EXPERIMENTAL APPROACHES TO UNDERSTANDING THE CONTRIBUTIONS OF MATING SYSTEM, GENE FLOW AND SELECTION TO THE GENETIC STRUCTURE OF POPULATIONS OF PLANT PATHOGENIC FUNGI
BA MCDONALD1, CC MUNDT2 and J ZHAN2
1Department of Plant Pathology and Microbiology, Texas A&M University, College Station, Texas, 77843-2132 USA; 2Department of Botany and Plant Pathology, Oregon State University, Corvallis, OR 97331-2902, USA
Background and objectives
Hierarchical sampling combined with DNA RFLP markers has substantially increased our knowledge of the amount and distribution of genetic variation within and among populations of Mycosphaerella graminicola and Phaeosphaeria nodorum over the past 10 ;years . While knowledge of genetic structure may offer significant insight into the evolutionary processes that affect the population genetics of pathogens, experimental approaches ultimately are needed to test hypotheses and validate evolutionary concepts that emerge from population surveys. Our objective was to utilize replicated field experiments to measure the relative impacts of mating system, immigration and selection on the genetic structure of a population of the fungus M. ;graminicola which causes septoria tritici leaf blotch on wheat.
Materials and methods
Wheat varieties Stephens and Madsen were grown alone and in 50:50 mixture in an RCBD with four replications. Three replications were inoculated artificially at the seedling stage with an equiproportional mixture of 10 isolates of M. ;graminicola. Five of the isolates (M1-M5) originated from Madsen and five isolates (S1-S5) originated from Stephens in a previous year. The fourth replication was inoculated naturally by local ascospores. The inoculated Stephens plots were sampled three times (early, mid, late) during the growing season, the Madsen and mixture plots were sampled in early and late season.
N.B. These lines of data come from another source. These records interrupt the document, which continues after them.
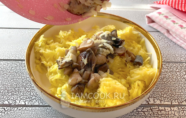 Лесные грибы очистить от загрязнений, промыть и отварить в подсоленной воде в течение 20 минут. Если будете использовать шампиньоны или вешенки, их не нужно предварительно варить.
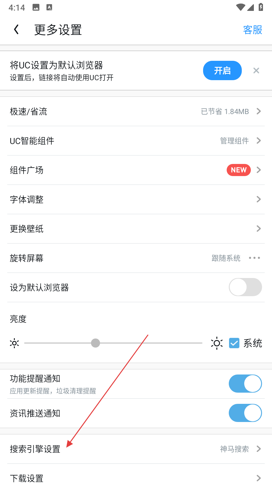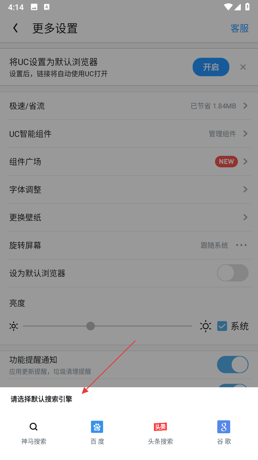 2、在更多设置页面中找到搜索引擎设置选项,点击该选项,弹出请选择默认搜索引擎列表。
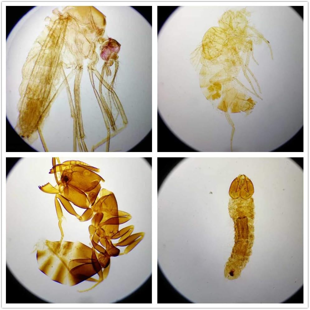 - 10PCS Insect Microscope Slides: Comes with 10 different types of insect specimens, Mosquito Larva/Drosophila Larva/Male Fruit Fly/Female Fruit Fly/Housefly Pupa/Ant/Cyclopidae/Mosquito/Aphid /Ant Silkworm
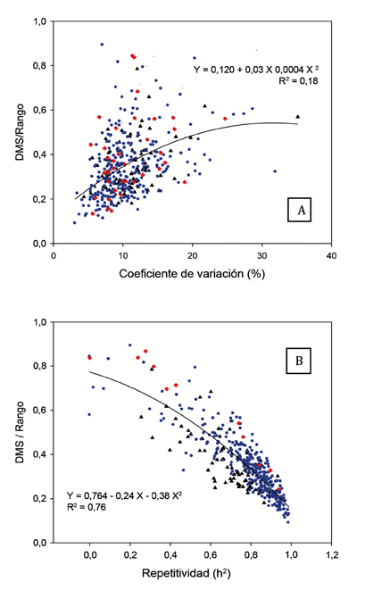 Al relacionar ambos estadísticos (CV y h2) con el cociente DMS/Rango se encontró que la h2 está altamente correlacionada con este cociente, mientras que el CV no lo está. En términos generales, estos resultados permiten indicar que la repetitividad es un mejor indicador que el CV, como estimador de buena precisión experimental, debido a que considera en su estimación, la variabilidad por los tratamientos y no la variación del error experimental.
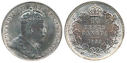 1903H 10¢ ICCS MS64. Strong lustre under blue and gred tints.
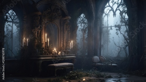 A ghostly, skeletal face with hollow eyes and an open mouth emits a haunting aura,
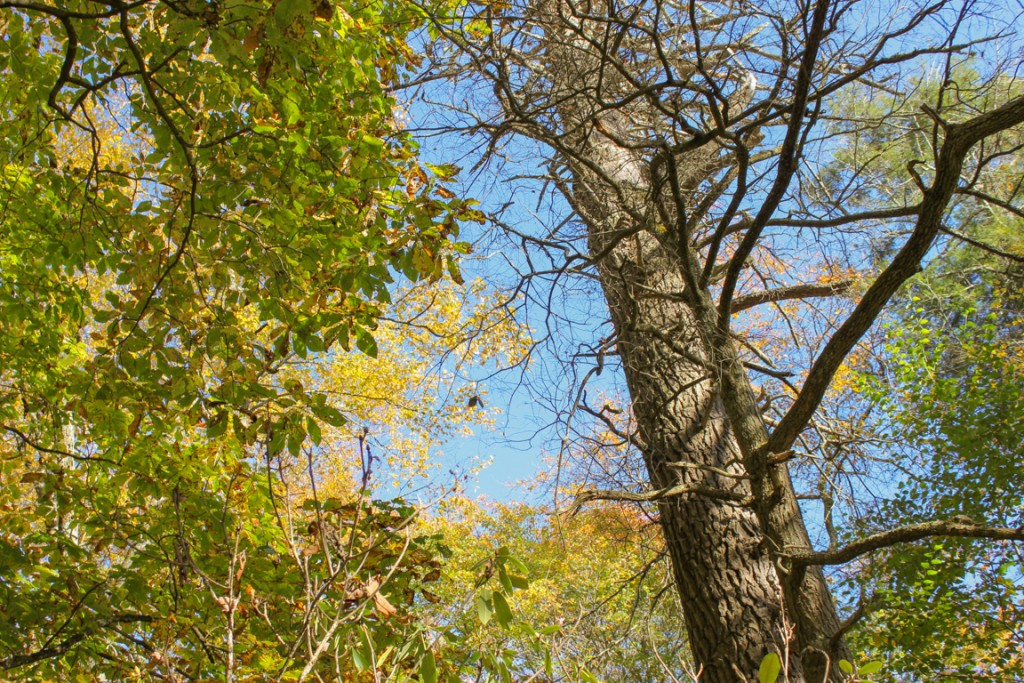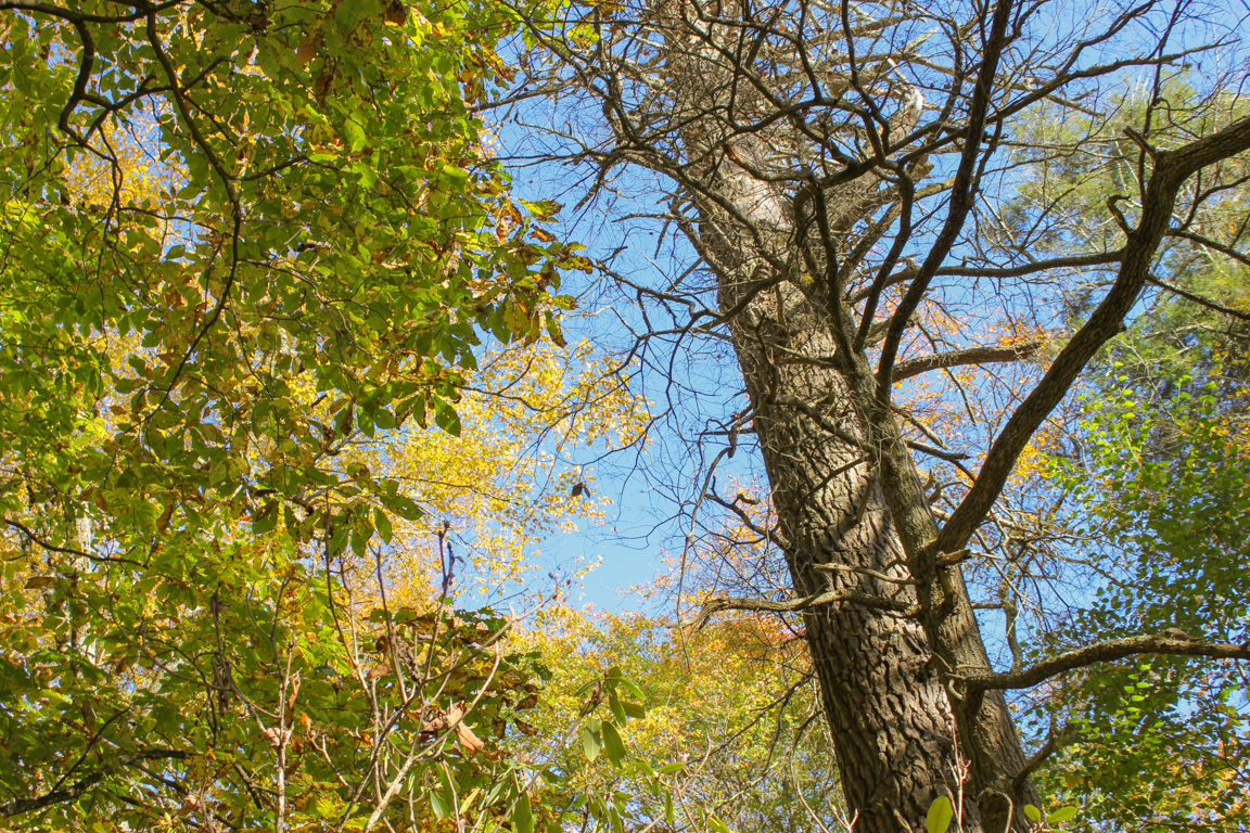 The first section of the trail passes through a grove of hemlock trees, so the damage to the hemlocks caused by the Wooly Adelgid is visible and severe.
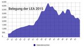 Immer wieder protestierten Stadt und Landkreis gegen die Überbelegung, immer wieder wird versucht, durch Verlegungen und neue LEAs die Situation zu entspannen. Vergeblich. Der absolute Rekord wird am 23. September 2015 erreicht. An diesem Tag leben 4659 Männer, Frauen und Kinder in der LEA, die teils Stunden fürs Essen anstehen mussten, weil der Betrieb für so viele Menschen einfach nicht ausgelegt ist.
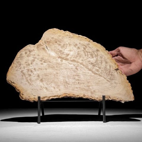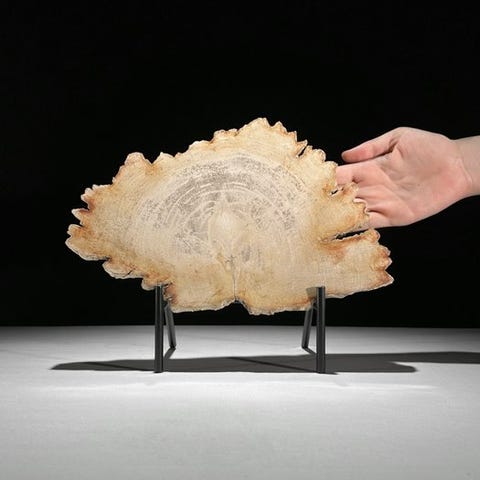 Wonderful slice of petrified wood on a custom stand.Petrified Wood is a mineralized piece of a tree that originated because trees fell over and were covered under a layer of soil or sand. Often due to a natural disaster. The colors you see in Petrified Wood depend on the Minerals in the soil or sand. Each mineral creates its own color. The process of '' petrification '' ensures that all characteristics such as knots, bark, and annual rings of the wood are preserved. A possibly decaying process in a distant past can provide for wonderful crystal formation, often in multiple colors.APPROXIMATE DIMENSIONS - including standHeight: 23.5 cm, Width: 31.5 cm , Slice Thickness: 2 cmAPPROXIMATE DIMENSIONS - Stone only: Height: 18 cm, Width: 31.5 cm, Slice Thickness: 2 cmDISCLAIMERS: - Please be aware these image has been taken in a dark studio, colors may vary depending on the environment.- THE WEIGHT MENTIONED IS INCLUDING PACKING MATERIAL.THE SHIPMENT- The item will be sent with a Track & Trace code via DHL Parcel, DPD or postNl. The tracking will be updated in your Catawiki lot once your parcel has been dropped off. - Please check regularly to avoid your parcel being returned to us, in which case the buyer will be responsible for the shipping costs of the 2nd shipment.- For tracking to Spain and Portugal please use this link and add the tracking number from your Catawiki lothttps://clientesparcel.dhl.es/LiveTracking/HomeWE DO NOT COMBINE SHIPPING!!!If you have any questions about your parcel please contact us using the Catawiki message service. We will try to reply within 3 working days.
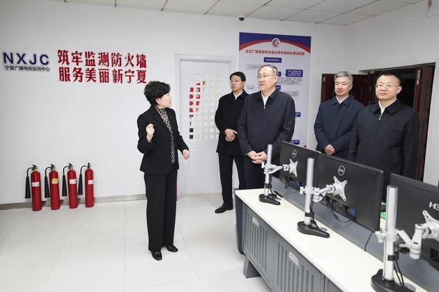 李邑飞在宁夏广播电视局,调研安全播出预警工作情况。

A total of 100 infected leaves were collected from each plot for each sample and one fungal isolation was made from each leaf. Each isolate (1410 total) was assayed for nine individual RFLP loci and one DNA fingerprint. Measures of selection were based on changes in frequencies of the 10 inoculated genotypes over time. Proportions of novel genotypes in inoculated plots due to recombination and immigration were estimated by calculating exact probabilities for each haplotype based on allele frequencies in the control plots and inoculated plots. Putative recombinants identified via probability analysis were confirmed with DNA fingerprints.
Results and conclusions
Significant changes occurred in the frequencies of the 10 inoculated isolates. Selection coefficients ranged from 0.03 to 0.32 per isolate. Three isolates showed evidence of host specialization. The frequency of novel isolates increased from 0.03 to 0.34 over the course of the season. Among the novel isolates detected in the inoculated plots at the end of the season, we estimate that 43% were immigrants and 57% resulted from recombination among the 10 inoculated isolates. In the late season collection, 64% of the isolates were asexual progeny of the 10 inoculated isolates, 19% were sexual progeny of the 10 inoculated isolates, and 15% were immigrants. The proportion of the population due to recombinants increased over the growing season. These results suggest that sexual recombinants originating from within the crop canopy represent a significant source of inoculum during the growing season.
1. McDonald BA, Zhan J, Yarden 0, Hogan K, Garton J, Pettway RE, 1998. Proceedings 15th Long Ashton International Symposium: Understanding Pathosystems: A Focus on Septoria.